Recorded information
--- START ---

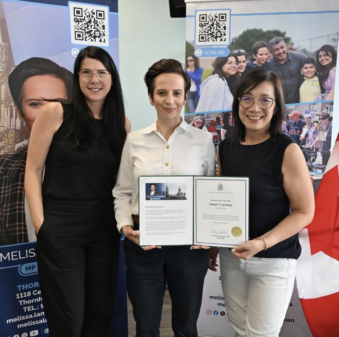 Thank you, Brenda and Jenn, for stopping by my office to chat about your business - Simple Coaching - and how you’re supporting health and wellness in our community here in Thornhill. 💪
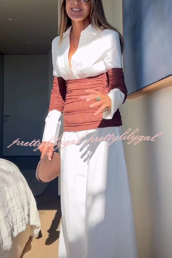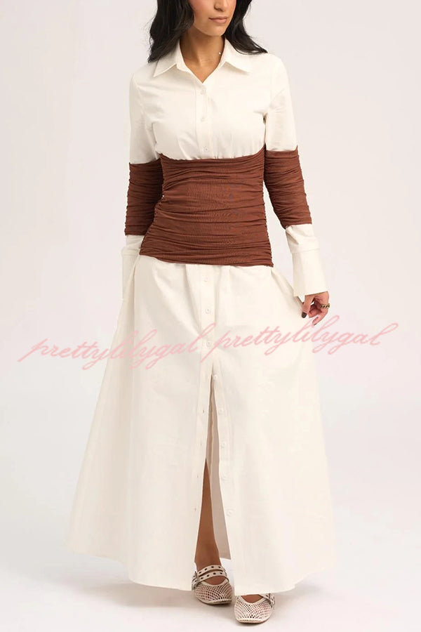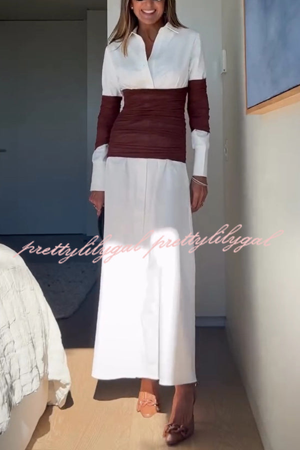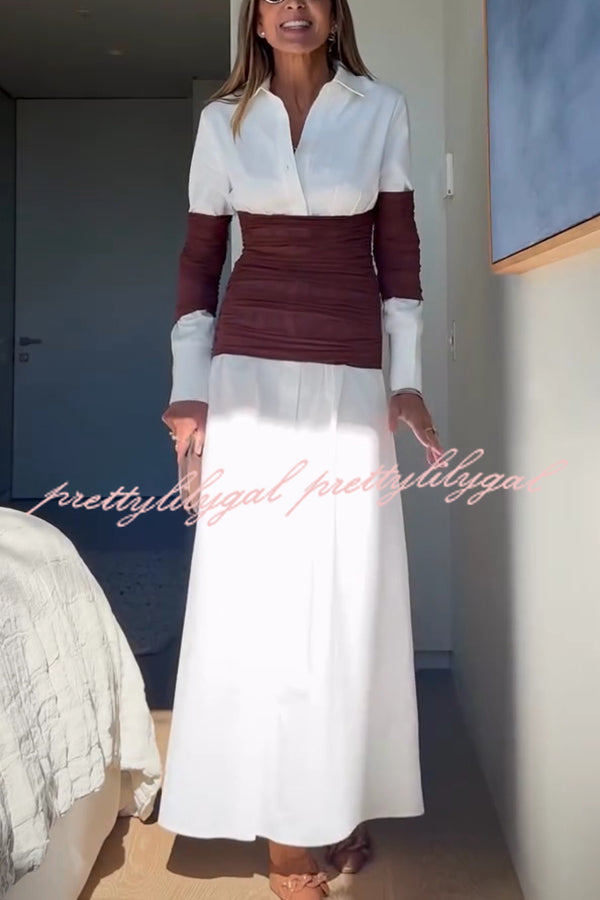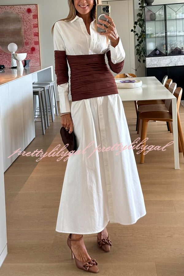 Fashionable Pleated Contrast Patchwork Waist Long Sleeve Button Shirt Maxi Dress
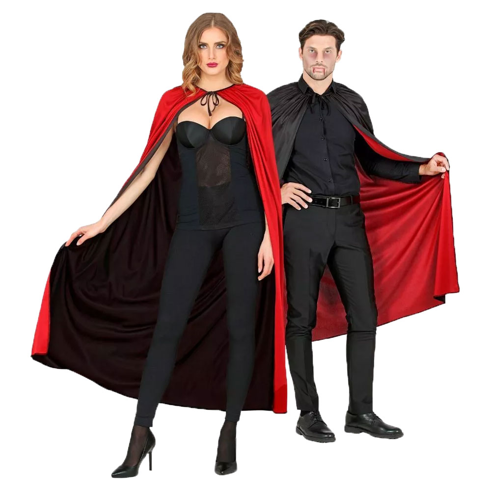 Tkocisa 140 cm Halloween Vampyr kostym cosplay Mantel Cape rekvisita, Dracula djävul mantel svart röd vändbar vampyr pirat cape för män och kvinnor
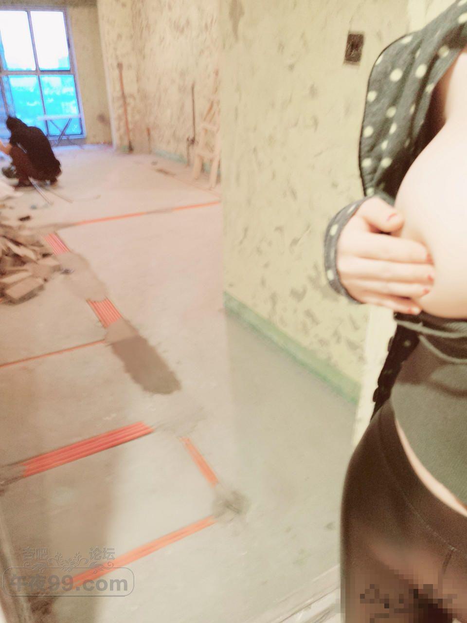 正在装修的新房里露出,边上还有干活工人【30P】

--- END ---

Aim of the task
Retype, word for word, only the line holding "Tkocisa 140 cm" and the lines after it through the final line of the listing above, and leave every picture out.

Solution
 Tkocisa 140 cm Halloween Vampyr kostym cosplay Mantel Cape rekvisita, Dracula djävul mantel svart röd vändbar vampyr pirat cape för män och kvinnor
 正在装修的新房里露出,边上还有干活工人【30P】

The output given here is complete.